Ministers accept that there would always be some disparities in care cost because of varying needs of different populations, but “unwarranted” inequalities need to be addressed. The report shows that the most glaring contrast was in the prescribing of anti-dementia drugs. The variation was quite distinct considering that medication and treatment can help “temporarily improve or stabilise symptoms”(Ramesh, 2011). Lord Howe, spoke of “The Atlas of Variation” report and said it will enable commissioners to recognise disparities in variations of patients care.
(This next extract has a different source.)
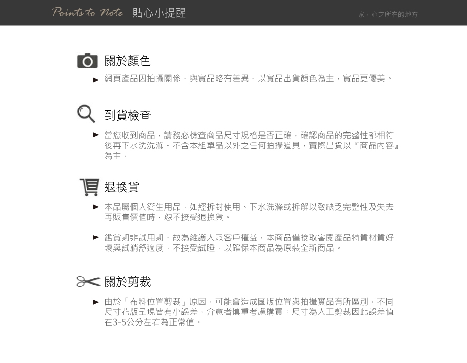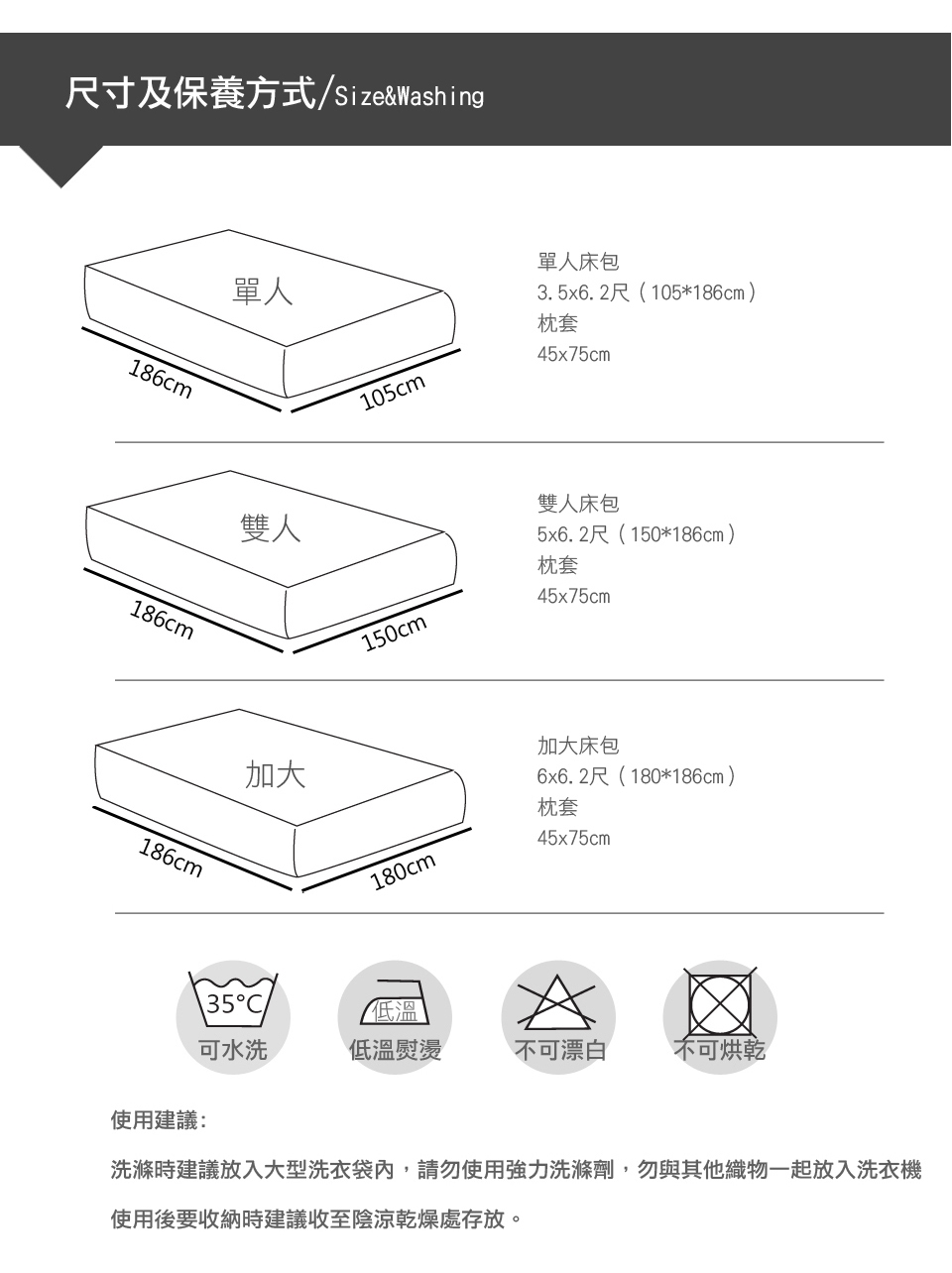 商品規格 種類 : 床包 類型 : 兩用被床包組 規格 : 雙人加大 主材質 : 天絲 材質說明 : 材質─ 100%萊賽爾纖維(天絲) 填充物─100%聚酯纖維 功能 : 恆溫 , 抗菌 流行元素 : 條紋 件數 : 4件 枕套尺寸 : 45x75公分 被套尺寸 : 6x7尺(180x210公分) 床包尺寸 : 6x6.2尺(180x186公分)/可包覆床墊高度:約35公分 體驗說明 使用方法說明 無 注意事項 .請注意:由於「布料位置剪裁」原因,可能會造成圖版位置與拍攝實品有所區別。 .顏色:如產品圖示,網頁圖片因拍攝關係,與實品略有差異,實品顏色更佳以出貨為主 .網路商品圖為參考用之情境圖示,產品內容以規格敘述內容為準 .洗滌方式:可水洗(40度C以下水溫)/不可漂白/不可烘乾/專業乾洗/低溫熨燙(110度C以下) .退換貨注意事項:退貨的商品必須必須回復原狀,亦即必須回復至您收到商品時的原始狀態(包含圖片、床包、床罩、枕頭被套、內外包裝、贈品、活動贈品等 ) .下列情形可能影響您的退貨權限: 1.本賣場商品屬於「個人衛生用品」,基於個人衛生 僅接取審閱產品特質、材質好壞與試躺舒適度,如商品因試睡、洗滌等等...產生異味與明顯使用痕跡 恕不接受退換貨。 2.在不影響您檢查商品情形下,您將商品外包裝毀損、封條移除、吊牌拆除、貼膠移除或標籤拆除等情形 恕不接受退換貨。 3.在您收到商品之前,已提供您檢查商品之機會 如有損壞 恕不接受退換貨。 4.其他逾越檢查之必要或可歸責於您之事由,致商品有毀損、滅失或變更者 恕不接受退換貨。

He also mentioned that NHS Outcomes Framework will hold the NHS to account for this, and that Commissioners will apply penalties if any organisation is not delivering improvements for patients. (Howe, 2011) The Prime Minister David Cameron has launched a programme called the National Dementia Challenge. This illness is viewed as the most “important issues we face as the population ages”. Although the number of people with this condition is increasing there is also a lack of awareness and discrepancies in the care that they receive.
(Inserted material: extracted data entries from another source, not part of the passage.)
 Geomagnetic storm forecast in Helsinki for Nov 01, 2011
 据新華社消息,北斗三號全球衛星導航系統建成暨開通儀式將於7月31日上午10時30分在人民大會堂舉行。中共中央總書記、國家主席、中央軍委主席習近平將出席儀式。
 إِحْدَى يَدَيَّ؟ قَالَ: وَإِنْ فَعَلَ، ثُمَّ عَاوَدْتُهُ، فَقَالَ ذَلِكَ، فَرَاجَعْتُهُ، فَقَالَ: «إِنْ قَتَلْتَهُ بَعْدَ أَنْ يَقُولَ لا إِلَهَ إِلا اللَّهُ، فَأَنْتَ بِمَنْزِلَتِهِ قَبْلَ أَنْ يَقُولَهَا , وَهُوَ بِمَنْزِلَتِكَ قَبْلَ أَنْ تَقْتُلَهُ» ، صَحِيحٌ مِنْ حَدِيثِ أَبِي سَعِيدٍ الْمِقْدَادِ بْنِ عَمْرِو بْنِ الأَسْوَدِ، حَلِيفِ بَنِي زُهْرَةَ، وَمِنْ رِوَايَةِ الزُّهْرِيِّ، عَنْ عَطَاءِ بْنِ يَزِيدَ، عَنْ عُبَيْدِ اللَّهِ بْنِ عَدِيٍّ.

By working with wellbeing boards, Healthwatch, Public Health England and clinical commissioning groups they hope to improve the care offered to dementia sufferers. (DH, 2012). On 25 October 2012 the Secretary of State for Health announced that ? 50 million will be made available in 2013-2014. This money is to enable people with dementia to live a better quality of life. The number of people with dementia in England is set to increase by around 50 per cent to 1 million over the next 10 years. The government estimates only around 42 per cent of people with dementia receive a formal diagnosis.
In a progress report the health and care champion group announced that it has developed a “tool kit” to enable the NHS to improve its diagnosis rates. By working with clinical commissioning groups they hope that this will be achievable. They will also use the NHS Outcomes Framework 2013/14 to measure progress (DH, 2012). Dr Andrew McCulloch, chief executive of the Mental Health Foundation, praised the decision to double the funding into dementia research, while Shirley Cramer, chief executive of Alzheimer’s Research UK, described it as a ‘turning point’ in the battle against dementia. Net doctor, 2012). The Health and Social care Act has created great debate and opposition for the Government.
The National Health Service is facing one of its biggest challenges since it was formed in 1948. With the rise in the ageing population and also the changing demographics that encompasses this genre change does need to happen. Staff cuts and funding reductions will most certainly create difficulties with the delivery of care being offered to the ageing population. However, I have shown that the Health and Social Care Act may address some of the issues that are facing this Health Care Sector.